The General Reconstruction Equation

We begin by introducing the general reconstruction equation, which is used to map the joint angle velocities, \(\dot{r}\) to the body velocity, \(\xi\), of the robot system [1]:

\[\xi = -\mathbf{A}(r) \dot{r} + \mathbf{\Gamma}(r) p\]

Where \(\mathbf{A}(r)\) is the local connection that maps the joint velocities to body velocity, and \(\mathbf{\Gamma}(r)\) is the momentum distribution function, and \(p\) is the generalized momentum. For the purposes of this discussion, let’s assume that our robot has zero momentum (for example, if it was in a low Reynolds number environment). That cleans up our equation above to a specific form called the kinematic reconstruction equation [1]:

\[\xi = -\mathbf{A}(r) \dot{r}\]

The matrix \(\mathbf{A}(r)\) is going to be the key to studying our robot system in the next sections.

Connection Vector Fields

The problem with expressions for the local connection, \(\mathbf{A}(r)\), is that they can be complicated and difficult to parse by inspection. However, if we plot the local connection, we can learn useful things about our robot system’s locomotion. One way to think about \(\mathbf{A}(r)\) is to understand that each row of the matrix, when dotted with the joint velocities, \(\dot{r}\), produces the velocity of the robot system in the corresponding body velocity component. Mathematically speaking [1]:

\[\xi_{i} = \mathbf{A}^{i}(r) \cdot \dot{r}\] \[\left[ \matrix{\xi_{x} \cr \xi_y \cr \xi_{\theta}} \right] = \left[ \matrix{A^{x,1}(r) & A^{x,2}(r) \cr A^{y,1}(r) & A^{y,2}(r) \cr A^{\theta,1}(r) & A^{\theta,2}(r)} \right] \cdot \left[ \matrix{\dot{\alpha}_1 \cr \dot{\alpha}_2} \right]\]

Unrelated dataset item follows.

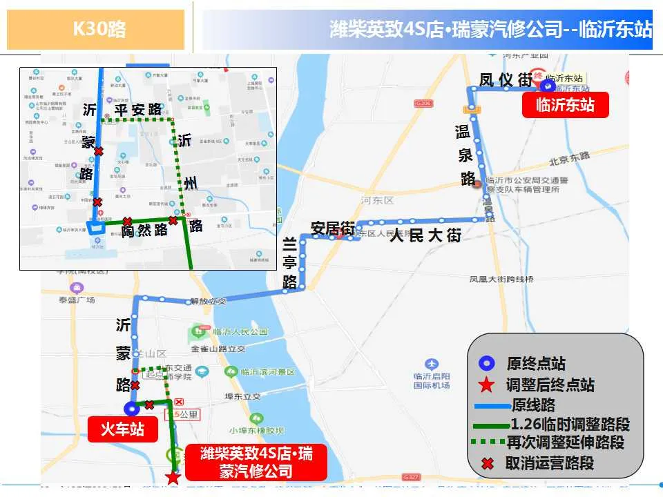 K30路于2021年1月26日临时调整,调整后线路由潍柴英致4S店·瑞蒙汽修公司运行至临沂东站。线路主要途经沂州路、陶然路、沂蒙路、解放路、兰亭路、正阳路、人民大街、温泉路、凤仪街。再次调整后线路起讫点不变,取消沂蒙路(平安路—陶然路)、陶然路(沂蒙路—沂州路)段运营,调整至平安路、沂州路运营,取消停靠站点4处:金坛路站台、火车站、火车站东、沂州路路口,增加停靠站台5处:工商银行、南坦小区、金雀山办事处、御园金顶东门、联安现代城。

Once we compute this dot product, we can plot how each body position coordinate (x, y and \(\theta\)) changes as the joint angles \(\alpha_1\) and \(\alpha_2\) change. This is called the connection vector field, and an example of the connection vector fields for a 3 link microswimmer is shown in Figure 2. If there is a change in the joint angles that follows the arrows (i.e. gradient, or direction of change) of the connection vector field, that means that the corresponding body position is also changing. If, instead, the joint angles of the robot are changing in a way that is orthogonal to the vector field, then that would result in a net zero motion for that corresponding body position [1].

Fig 2
Figure 2 - inspired by [1]

The connection vector fields shown in Figure 2 have some physically relevant information. First of all, if we look at the plot for \(\theta\), we can see that the gradient is generally moving towards \(\mathbf{\alpha} = (+\alpha_1, -\alpha_2)\), suggesting that the entire orientation of the microswimmer prefers to rotate against the direction of rotation of the outer links as compared to the center. Secondly, for the \(\mathbf{A}^x\) plot we can see that the gradient of the field is almost 0 at the points \(\mathbf{\alpha} = (0, 0)\), when the entire robot system is completely horizontal. This should make sense because we can imagine that if the robot is completely horizontal, it is only experiencing forces along the x-axis, which will encourage the robot to remain in this configuration. Conversely, for the \(\mathbf{A}^y\) plot the gradient of the field is 0 at the points \(\mathbf{\alpha} = (\pm \frac{\pi}{2}, \pm \frac{\pi}{2})\) because here the robot is vertically oriented and forces along the y-axis will cause it to remain in this configuration [1].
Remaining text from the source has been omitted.